Second, every statement that the obligors identify as sources of bias—for example, the district judge's comment that the obligors’ “litigation tactics are nothing short of abhorrent”—are at most “expressions of impatience, dissatisfaction, annoyance, and ․ anger,” which are not grounds for recusal. Id. at 555–56, 114 S.Ct. 1147. “[O]pinions formed ․ on the basis of facts introduced or events occurring in the course of current proceedings” will not sustain a recusal motion “unless they display a deep-seated favoritism or antagonism that would make fair judgment impossible.” Id. at 555, 114 S.Ct. 1147. The obligors have not proved judicial bias, much less that the district court abused its discretion.

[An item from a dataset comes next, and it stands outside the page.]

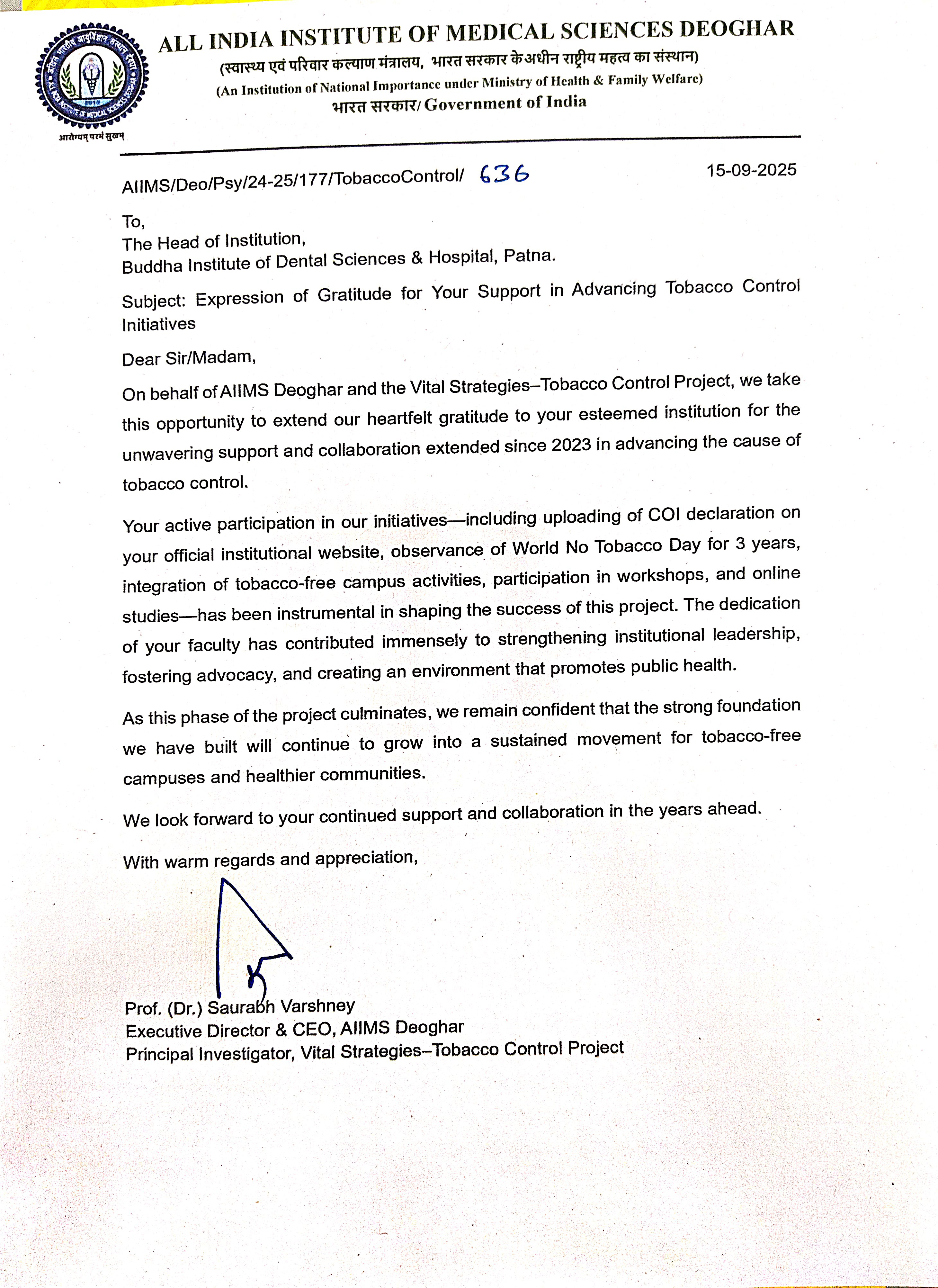 The department of Public Health Dentistry, BIDSH in collaboration with AIIMS Deoghar participated in an Advanced Tobbaco control project. A letter of Appreciation and two paper publications was also received for the same..

This appeal is the obligors’ third attempt to challenge the district court's rulings against them. Although it is clear that they vehemently oppose these rulings, any animosity they may hold toward the district judge is not a valid reason to force disqualification or otherwise overturn the final judgment against them. See FDIC v. Sweeney, 136 F.3d 216, 220 (1st Cir. 1998). The obligors must recognize that “[a]t some point all litigation must end.” Jimenez v. S.D. Fla., 84 S. Ct. 14, 19, 11 L.Ed.2d 30 (1963) (Goldberg, J., in chambers).

We AFFIRM the denial of the motion to recuse.